Mais en ce lieu, peu de végétation, peu d’arbres, au loin quelques palmiers. En fixant le regard avec intensité sur tel ou tel de ces palmiers, on peut voir se dresser le spectre d’un marin aux pupilles aveugles et aux lèvres enflées en attente de quelque maigre nourriture. Image furtive comme le sont celles de femmes ouvrant leurs capes rouges pour découvrir leurs seins hauts.
On ouvre les yeux et le soleil est là, déjà là, toujours là. Le beau temps en continu, le beau temps comme seule loi acceptée, seule réalité reconnue, tandis que la pluie peine à exister et désarçonne toujours quand elle advient.
La lumière éblouissante et la chaleur garantie offrent à cette ville la réputation d’être bénie des dieux. Il est vrai qu’au-dessus des têtes s’étend l’azur d’un ciel sans partage.
Comme le soleil ne faiblit pas, on en appelle alors à la mer. Cette ville de plein soleil n’a pas d’autre choix que de s’accoupler à la mer. Du reste, la baie – nommée la Baie des Anges, n’y voyons pas un hasard… élue, en outre, septième ou huitième merveille du monde par Jules Romains – la baie donc, doucement enfoncée dans les terres, ouvre ses flancs et laisse pénétrer la mer dans son échancrure. La masse d’eau paisible a des mouvements répétés et lents, des courbures amples, des ondulations réglées. Le long du rivage, le gravier avance et recule, subissant l’incessante indécision des vagues.

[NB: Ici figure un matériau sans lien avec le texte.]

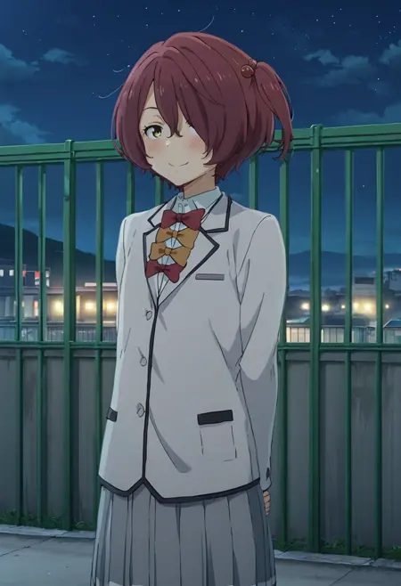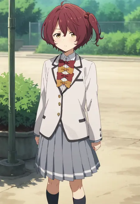 chika-default,komari chika,yellow eyes,red hair,hair over one eye,one side up, hair bobbles,school uniform,white jacket,bowties,long sleeves,grey skirt,black socks,loafers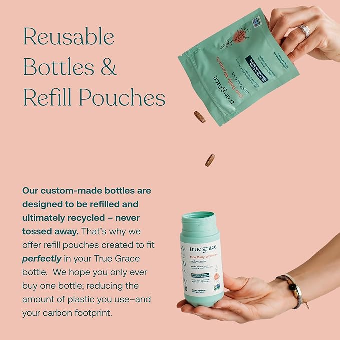 - SUSTAINABLE PACKAGING – Our supplements are delivered in custom-made, reusable bottles made from recycled plastics. We also offer earth-friendly refill pouches made from plant-based materials. Using pouches to refill True Grace bottles minimizes our carbon footprint—and yours. Plus, every time you purchase a bottle or pouch of True Grace products, plastic is pulled out of the ocean through our partnership with ReSea Project.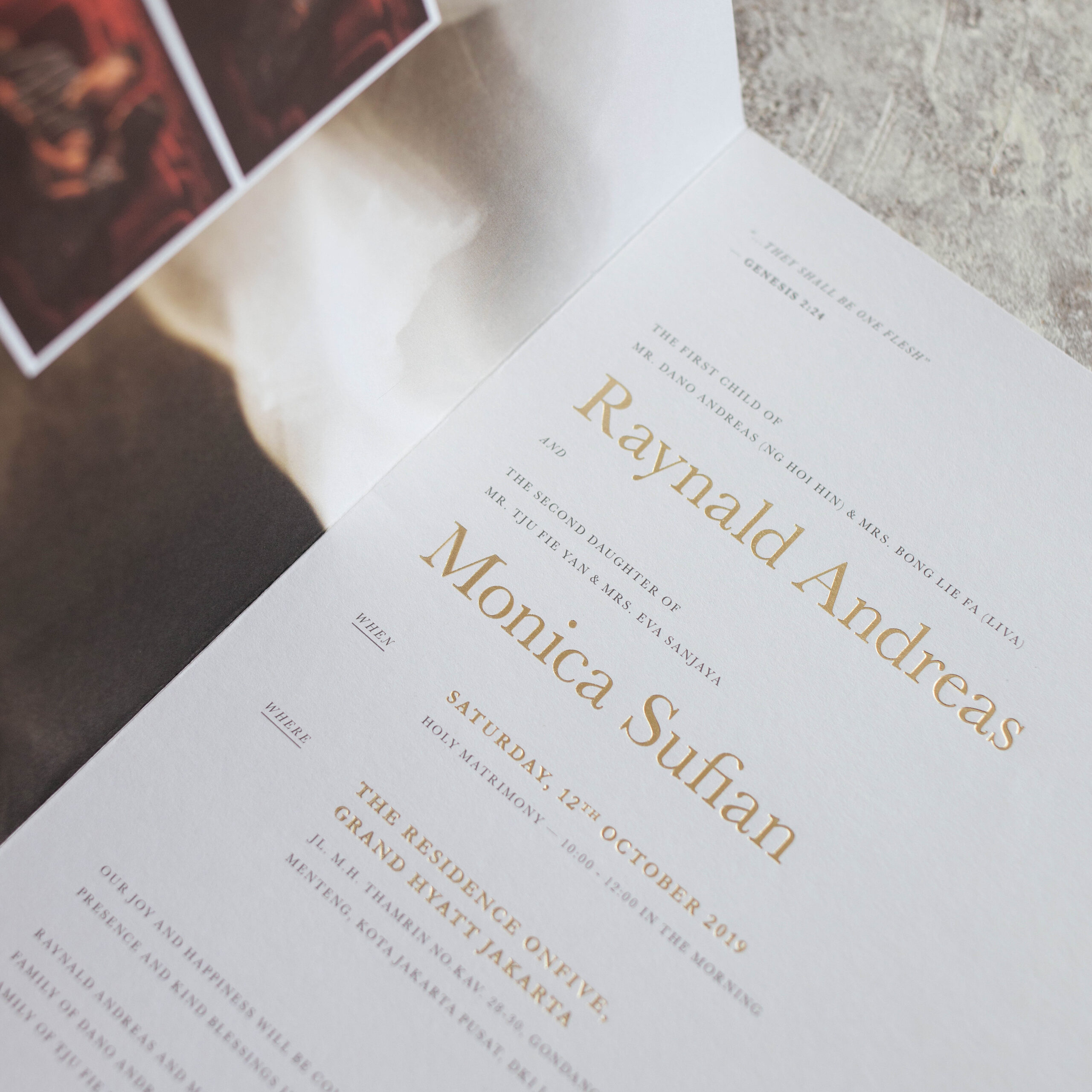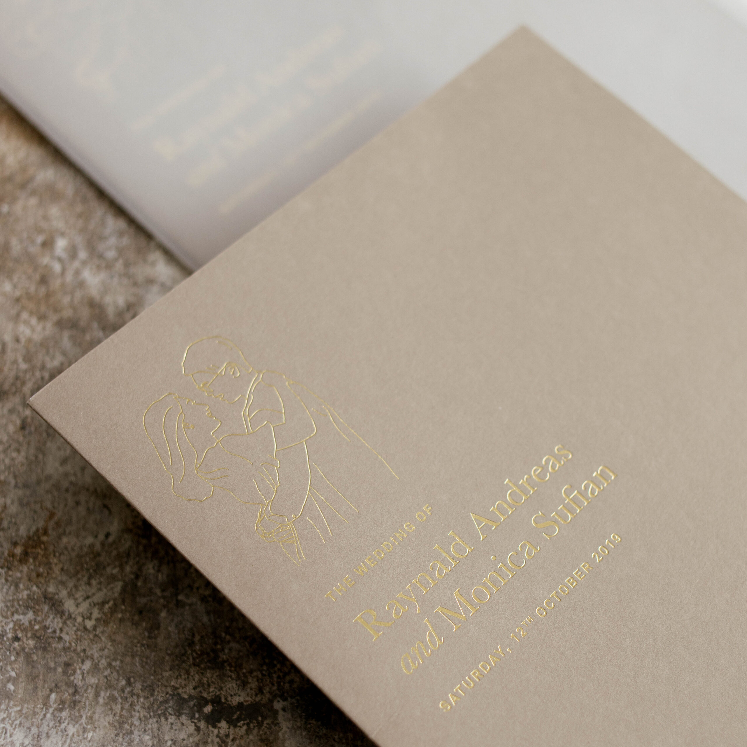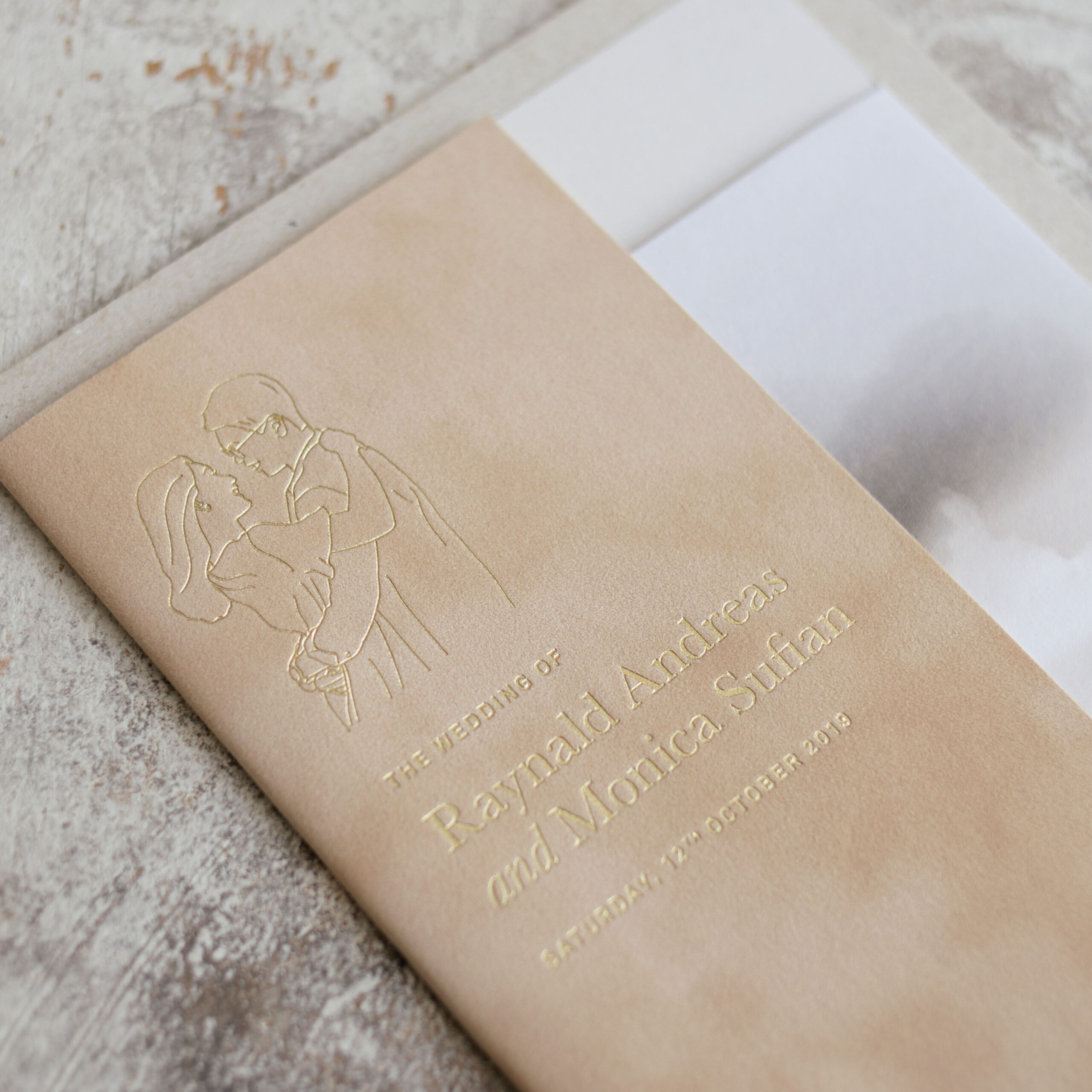 Raynald & Monica’s wedding invitation, modeled with a suede sleeve.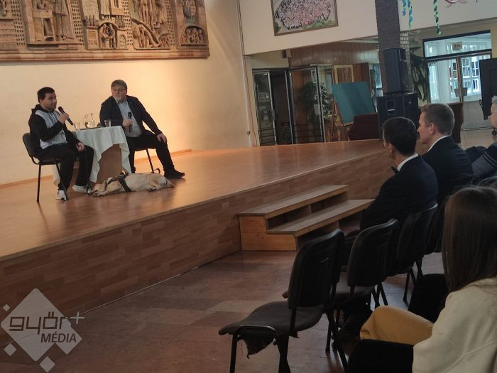 Érzékenyítés keretében 2023.02.23-án a Győri SZC Móra Ferenc Általános Iskola 7. és 8. osztályos tanulói megismerkedhettek a látássérült Fóris Norberttel és kutyájával, Gyömbérrel.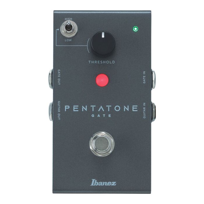 O Pentatone Gate é uma versão standalone da seção GATE do Ibanez Pentatone Preamp. Este gate alcança uma resposta rápida e sustain natural e possui um interruptor de modo de threshold adicional que permite ajustar o limiar na faixa apropriada para redução ou eliminação de ruídos. Além disso, graças às 4 entradas/saídas, o circuito do gate pode funcionar em uma posição adequada, como logo após pedais de distorção ou entre o send/return de um amplificador de guitarra.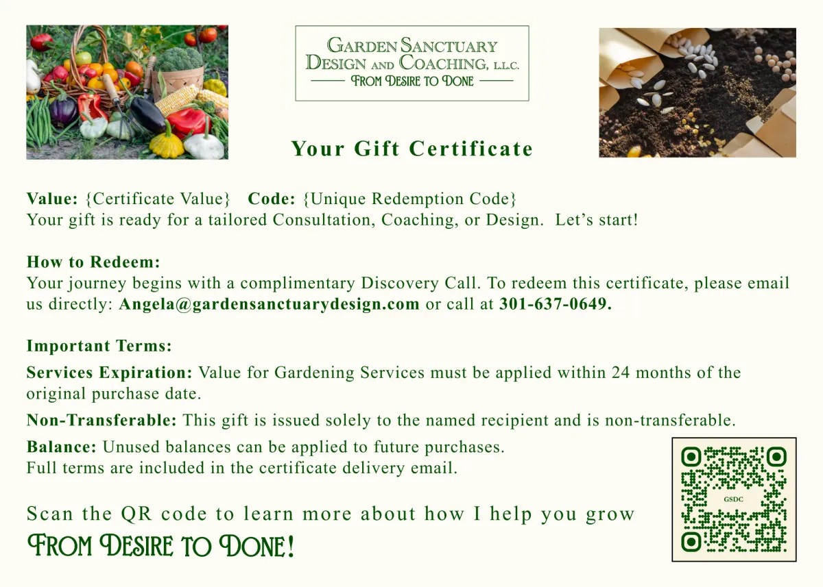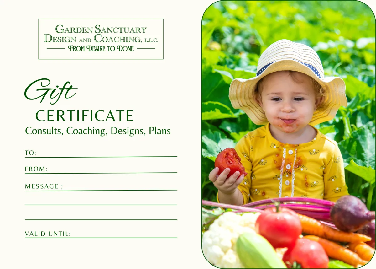 A Garden Sanctuary Design and Coaching gift certificate gives a loved one the chance to grow fresh, organic food with confidence and joy. It's a thoughtful way to support a healthier home, rooted in possibilities and wellness, and a garden that finally feels possible.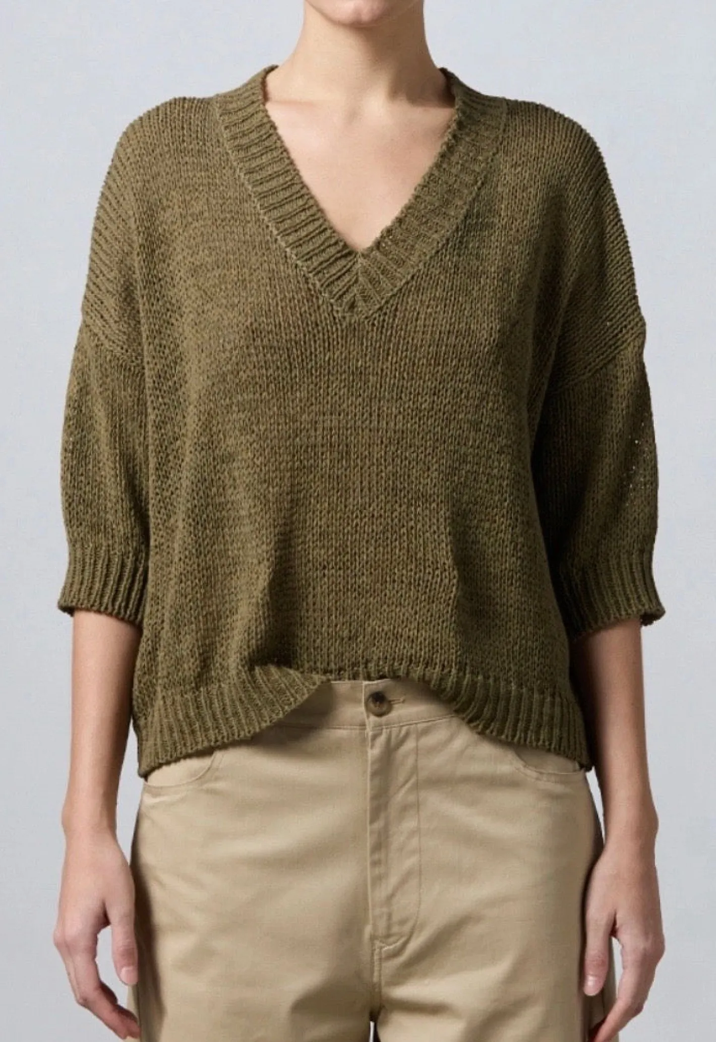 Boxy V-Neckloose FitRipp Bündchen3/4 ArmSommer StrickFarbe Military66% Baumwolle 34% Polyamid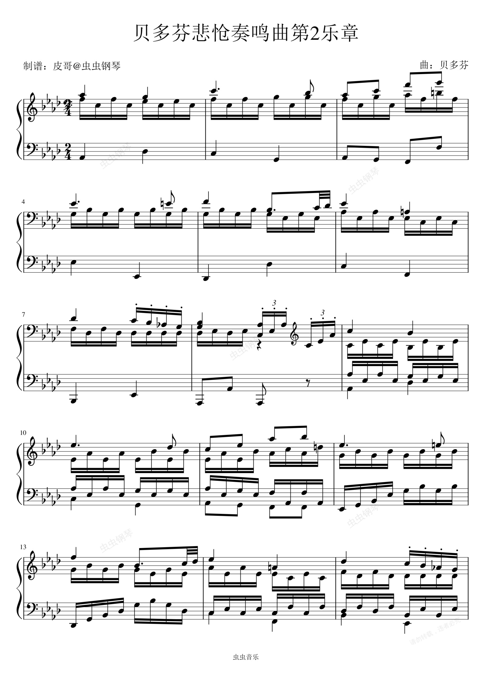 钢琴谱:悲怆奏鸣曲第二乐章 原版钢琴谱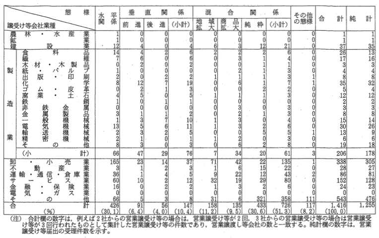 | 4-4表 | 態様別・営業譲受け等会社業種別営業譲受け等件数(平成6年度) | ||||||||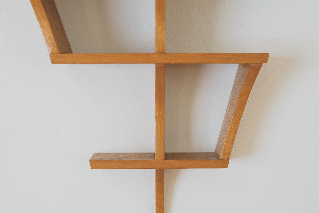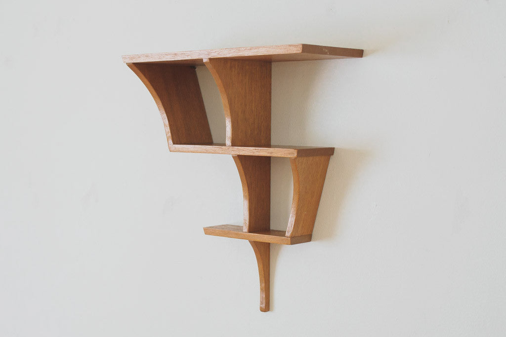 This Mid Century wall mount "S" shelf is wood with three levels for displaying your favorite smalls. It's in good shape and ready to hang. Please see pictures for detailed condition.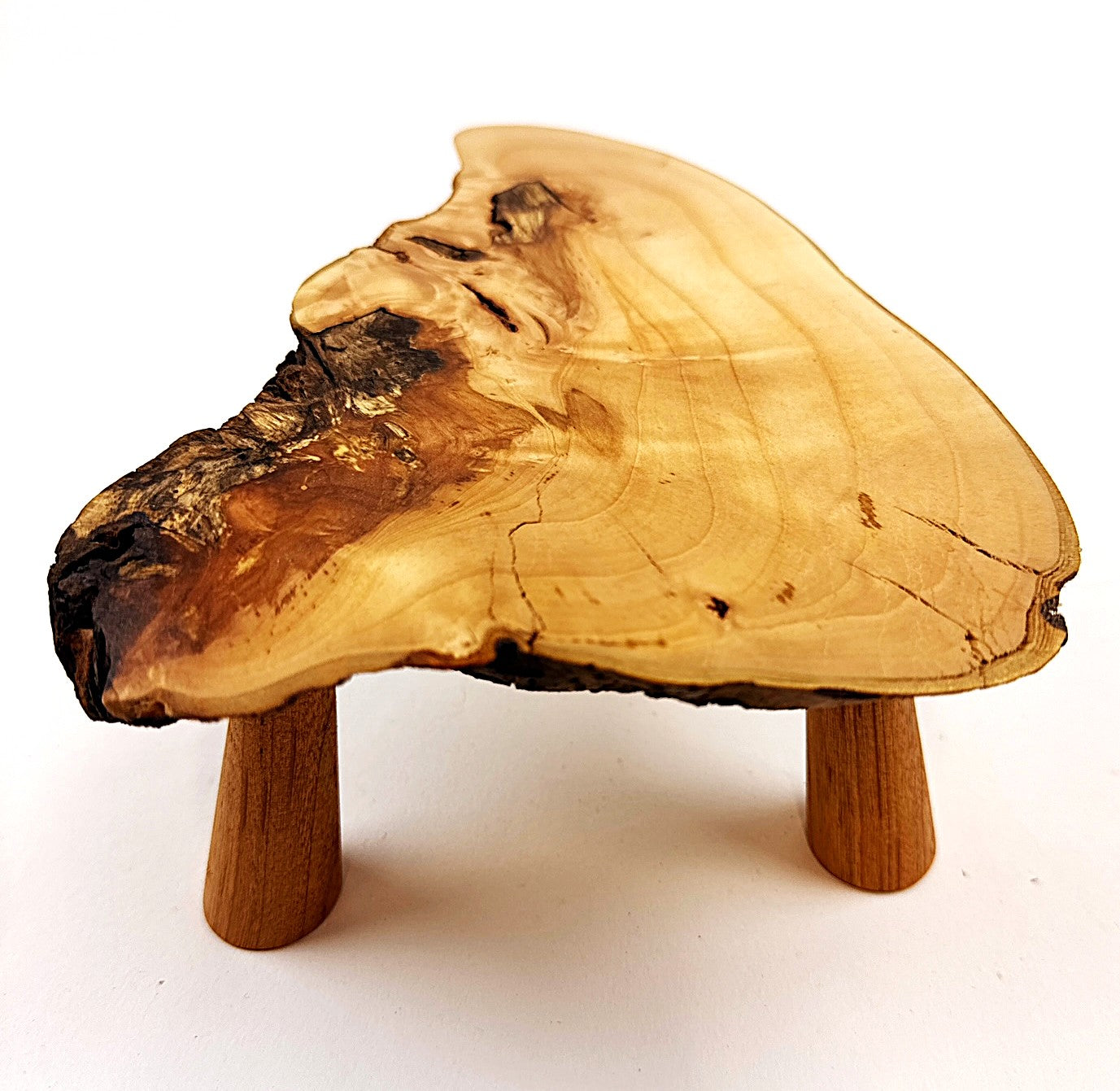 Showcase your finest pieces on this handcrafted Applewood Display Table, expertly constructed from premium applewood. Measuring 8" wide by 5½" deep by 3" high, this compact display stand offers the perfect proportions for featuring collectibles, jewelry, or decorative objects. The matching applewood legs provide sturdy support while maintaining visual harmony with the tabletop. Ideal for retail displays, galleries, or personal collections, this piece combines functional design with the natural warmth and grain character that applewood is renowned for.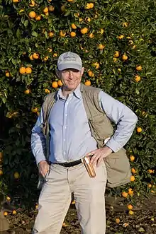 ![]() David Karp in front of an orange tree at the "Citrus Variety Collection" of the University of California, Riverside. | |
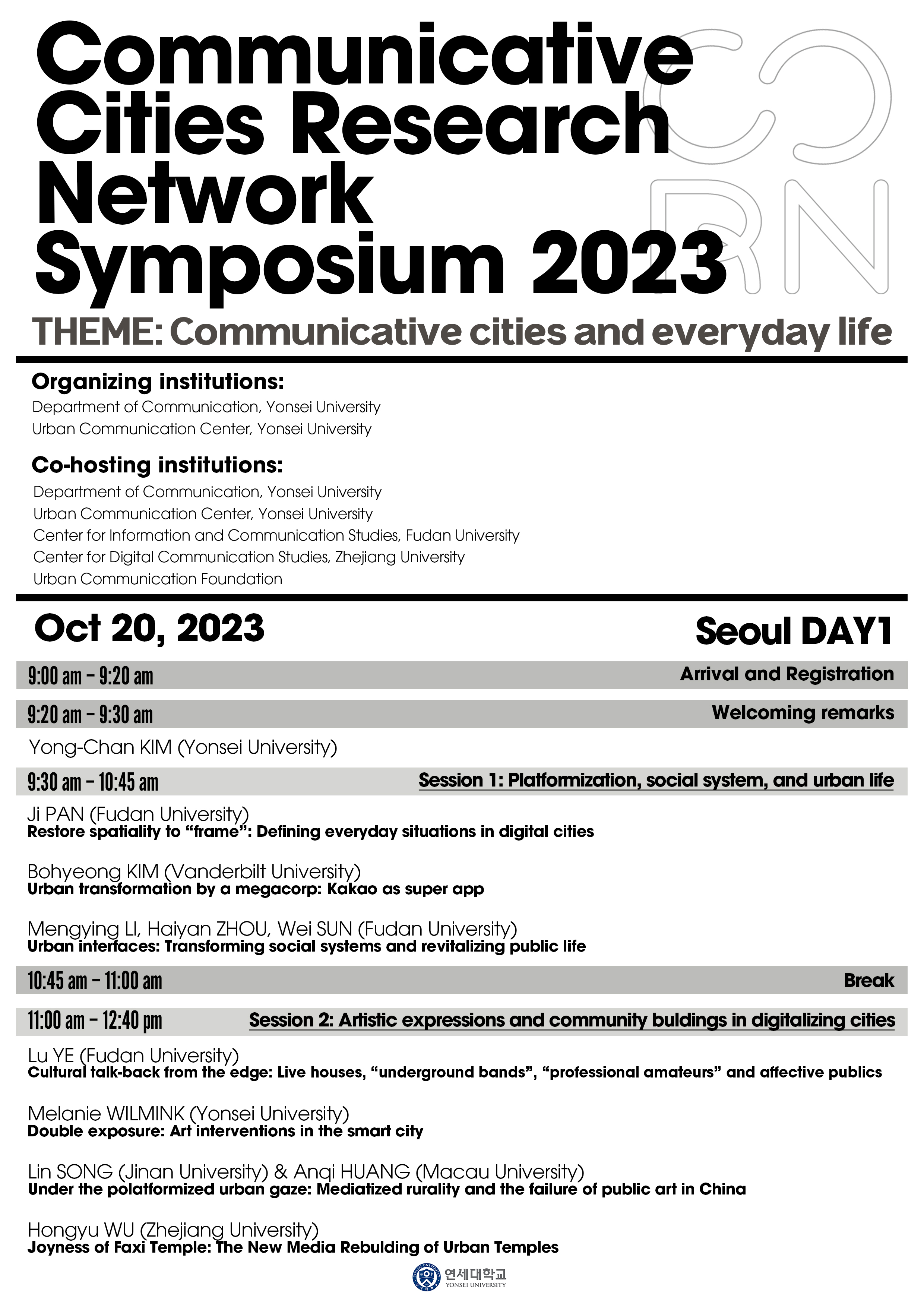 Communicative Cities Research Network Symposium 2023 개최 안내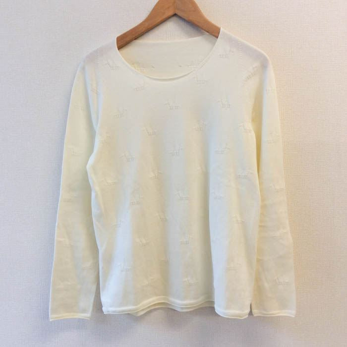 【中古】ユリパーク YURI PARK 細ボーダーニット 七分袖 レ・アーリ ボートネック 薄手 コットンニット ネイビー ホワイト h1028u01123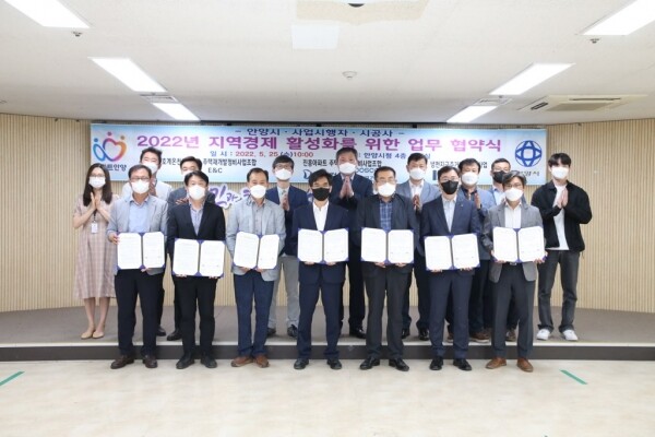 안양시 도시주택국장을 포함한 기술직 간부공무원 8명과 사업시행자·시공사 간 2022년 지역경제 활성화를 위한 업무협약 체결이 25일 안양시청사 4층 대회의실에서 있었다.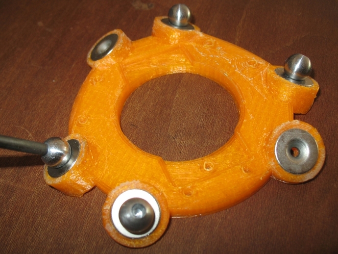 Да я видел. Только это бред. Без прокладки(ptfe или капролон) будет тереться и получится элипсоид. Как сделать отверстия в шарах я тоже хз. Вот пример такого исполнения: Может стоит использовать не магнитные шары, а стальные. Магнит же крепить внутри самого сокета. Вот что-то подобное http://www.thingiverse.com/thing:277755 Шары же стоит брать уже с резьбовым соединением папа или мама вот например:pamalofeev писал(а):А велосипед вообще не мудренный, некоторые вообще магниты клеют к торцам тяг безо всяких посадочных гнезд для шаров и алга!

On en appelle à la mer en effet, mais celle qui apaise et tempère la chaleur, non celle qui aime s’enfler, se déchaîner et souffler en tempête. La mer certes, mais pas n’importe quelle mer, une mer calme et douce, une mer décidément voluptueuse, comme endormie. Cette ville de ciel bleu et de plein soleil mérite certainement la Méditerranée.